Figure 3Specificity and sensitivity of brain methylation markers.
(A) Methylation status of 10 brain-derived markers in genomic DNA from multiple human tissues. Each color represents a different locus that is differentially hypomethylated in a specific brain cell type. Shown is the methylation score of multiple CpG sites in each block (i.e., the fraction of molecules that are fully unmethylated in a given sample). (B) Sensitivity of brain-derived methylation markers. Brain DNA was spiked into leukocyte DNA as indicated, and the fraction of brain DNA was assessed using bisulfite conversion, multiplex PCR amplification of brain markers, and sequencing. Left, 20 brain cell GE (120 pg brain DNA) were mixed with blood DNA (0 to 10 ng). Right, brain cell DNA (20 to 0.2 GE) was diluted into 10 ng of blood DNA.
Figure 4Plasma concentrations of brain-derived cfDNA.

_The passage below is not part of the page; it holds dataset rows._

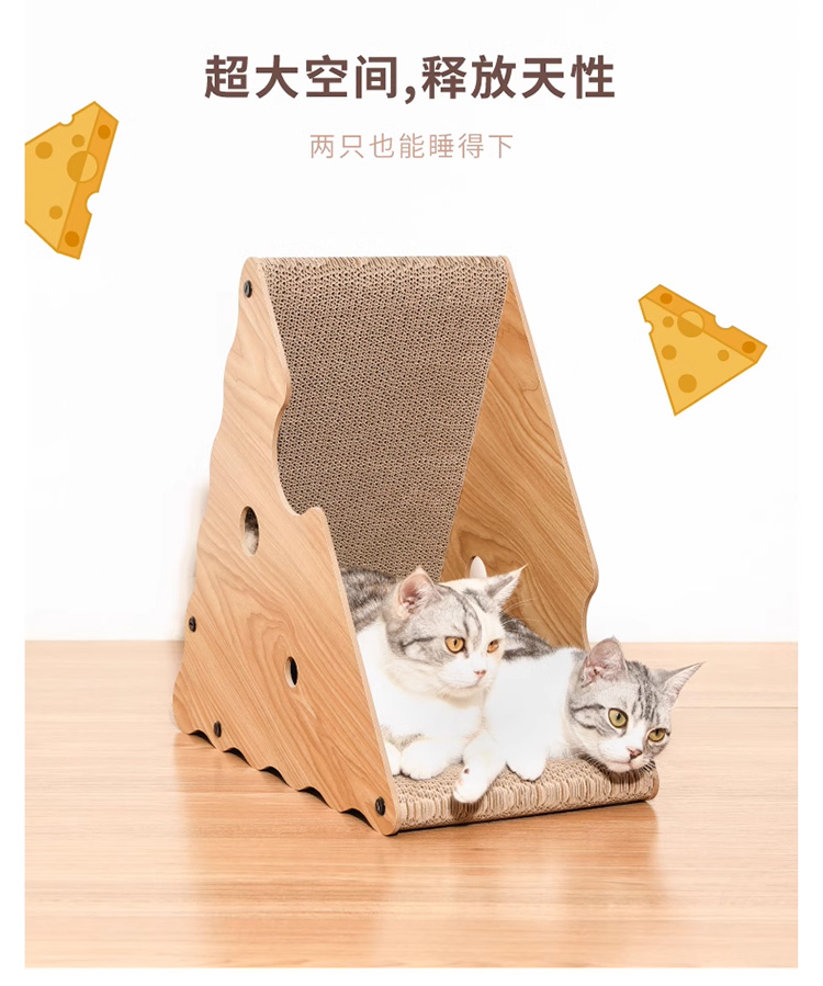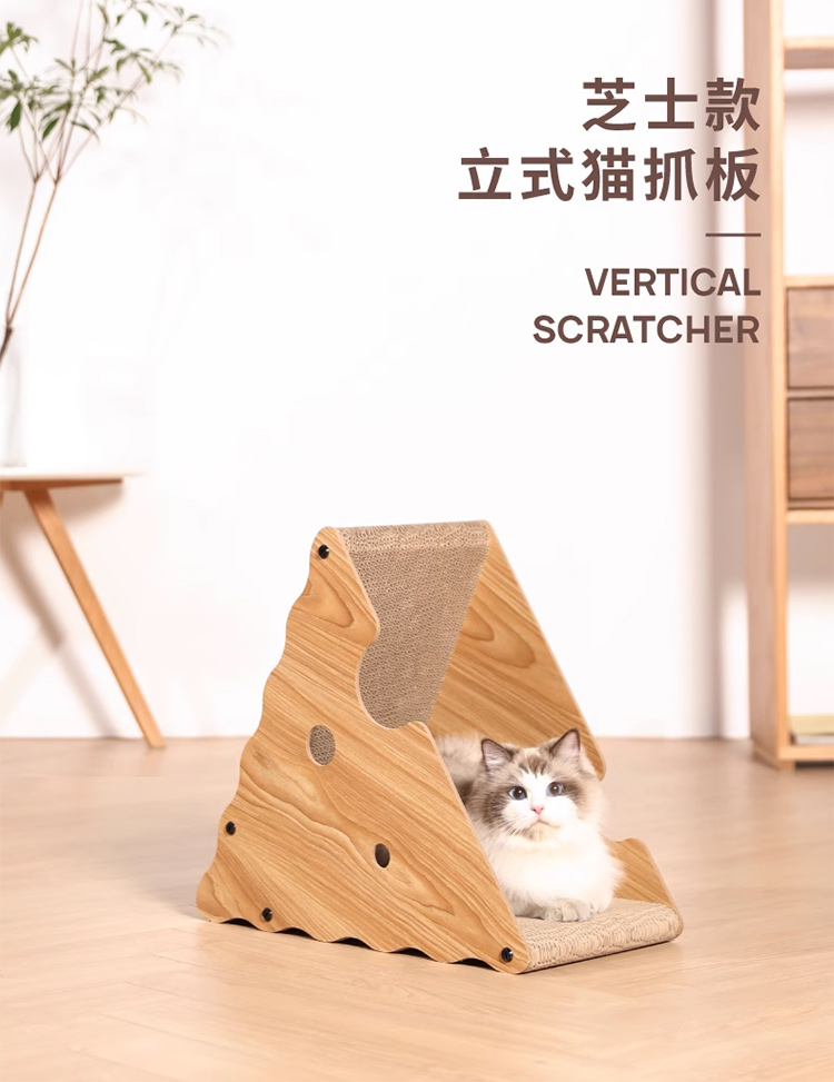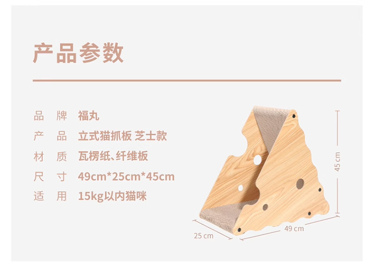 福丸芝士型立式猫抓板,平坦底面,玩睡合一,优质瓦楞,自然环保。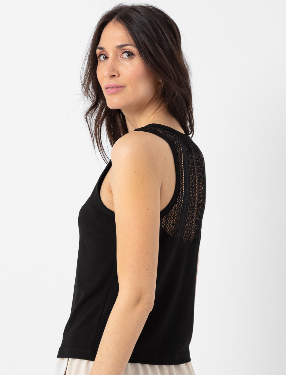 Simple in the front, surprise in the back! This tank top adds a refined touch with its crochet detail, for a look that’s both chic and effortless.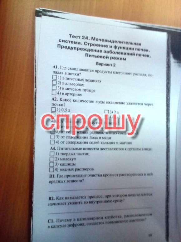 В2.Вообще для почек свойственны два процесса фильтрации и реабсорбции. Фильтрация - это процесс прохождения плазмы крови под действием кровяного давления через стенки капилляров находящихся в почечных клубочках. В результате чего получается первичная моча. Делее эта первичная моча подвергается дальнейшей очистке. Реабсорбция - это процесс обратного всасывания полезных веществ из почечных канальцев в кровь.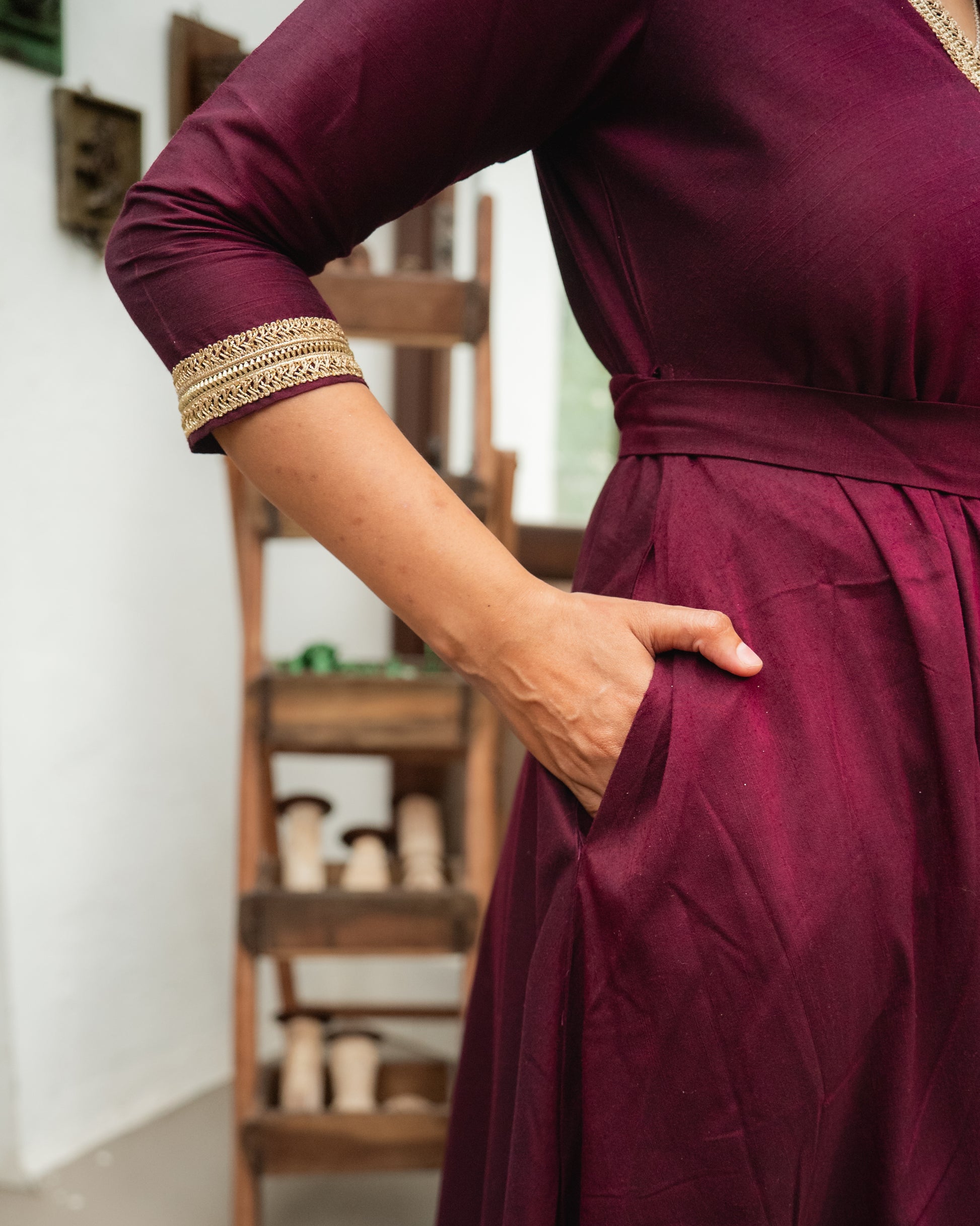 Jabili – Silk Cotton Wrap Anarkali Coord Set with Pants – Wine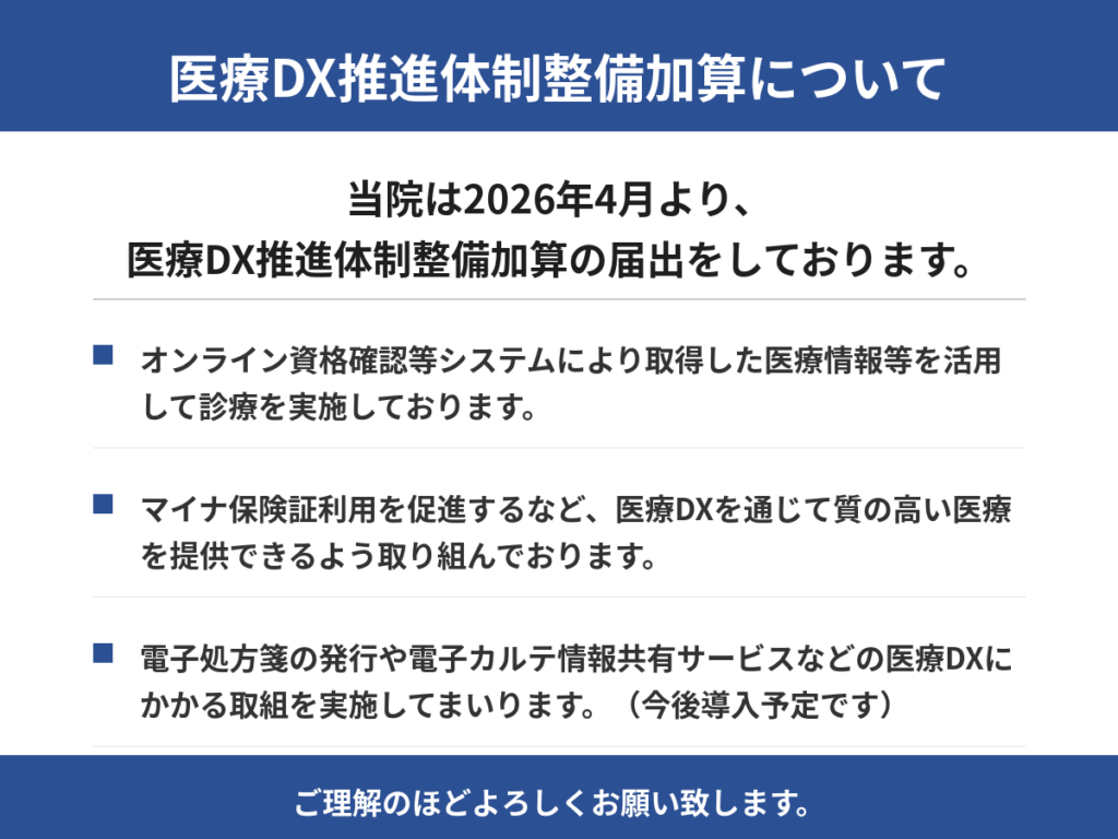 医療DX推進体制整備加算について2026.03.27 当院は2026年4月より、医療DX推進体制加算の届出をしております。下記よりご確認ください。 クリニック名称変更のお知らせ前の記事 時間外対応加算について次の記事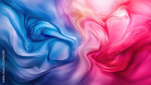 © EmmaStock, Obraz premium A modern blue and pink holographic gradient with flowing metallic textures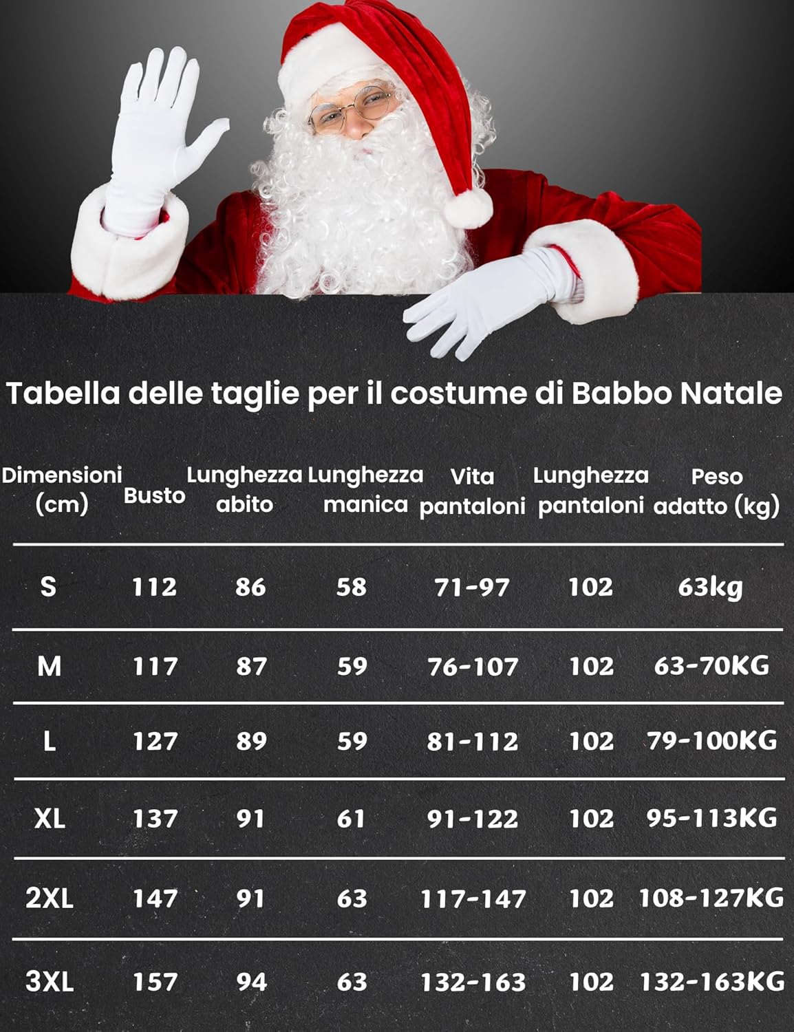 Penso sia, a questo prezzo, uno dei migliori costumi sul mercato, escludendo quelli di sartoria. E ho visti e provati davvero tanti, ma ognuno presentava qualche difetto. Questo mi ha rimasto stupito. Sono alto 1.90, 87kg taglia XL e il vestito mi calza alla perfezione, cura dei dettagli, il panatalone è compreso di un utilissima tasca, la giacca dei passa cintura e soprattutto di una zip e dei bottoni per chiuderla, da non dimenticare anche gli elastici nelle maniche, gli accessori (cappello, cintura, campanella, copriscarpe e occhiali) anche loro sono ben fatti. Per quanto riguarda invece guanti, sacco, barba e parrucca c'è da dire, ma nulla da parte mia in quanto ho acquistato questo articolo esclusivamente per il vestito. Quindi il mio parere è comunque alto. Parrucca e barba presenti nella foto sono presi a separatamente, come anche la parte finale del copriscarpe.

(A–C) Brain cfDNA levels in healthy controls (n = 127), cancer patients (localized and non-brain-metastatic, n = 113), and cancer patients with metastases to the brain (n = 29). Shown are the average levels in plasma of 4 neuronal markers (A), 3 oligodendrocyte markers (B), and 3 astrocyte markers (C). Each dot represents 1 plasma sample. Numbers in the figure indicate samples with 0/above 0 cfDNA molecules with a brain-derived signature. Statistical significance was measured by Kruskal-Wallis test with Dunn’s post hoc correction for multiple comparisons. (D–F) Brain cfDNA levels as in A–C, expressed as percentage of cfDNA derived from the indicated brain cell type. Statistical significance was measured by Kruskal-Wallis test with Dunn’s post hoc correction for multiple comparisons. (G–I) ROC curve for the diagnosis of brain collateral damage in plasma of cancer patients with brain metastasis compared to cancer patients without brain metastases. (G) Neuronal markers; AUC 0.75, 95% CI = 0.66 to 0.84; P < 0.0001. (H) Oligodendrocyte markers; AUC 0.81; 95% CI = 0.72 to 0.89; P < 0.0001. (I) Astrocyte markers; AUC 0.72, 95% CI = 0.63 to 0.81; P < 0.0001. (J) Plasma concentrations of total cfDNA in the same donors as in A–C. Statistical significance was measured by Kruskal-Wallis test with Dunn’s post hoc correction for multiple comparisons.